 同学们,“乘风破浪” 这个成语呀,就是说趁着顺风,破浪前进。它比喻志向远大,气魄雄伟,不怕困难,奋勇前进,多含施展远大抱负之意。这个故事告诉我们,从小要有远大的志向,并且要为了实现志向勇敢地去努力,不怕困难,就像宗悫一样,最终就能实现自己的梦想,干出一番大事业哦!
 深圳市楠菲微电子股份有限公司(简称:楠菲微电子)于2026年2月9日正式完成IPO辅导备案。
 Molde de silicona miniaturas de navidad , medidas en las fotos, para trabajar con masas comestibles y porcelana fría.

▬▬▬▬▬▬

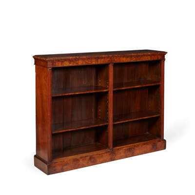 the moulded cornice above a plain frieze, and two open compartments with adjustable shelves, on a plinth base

▬▬▬▬▬▬

● **Task instructions**:
The lines above from the one containing "深圳市楠菲微电子股份有限公司" through the one containing "Molde de silicona" are to be set down exactly, and no others.

● **Answer space**:
 深圳市楠菲微电子股份有限公司(简称:楠菲微电子)于2026年2月9日正式完成IPO辅导备案。
 Molde de silicona miniaturas de navidad , medidas en las fotos, para trabajar con masas comestibles y porcelana fría.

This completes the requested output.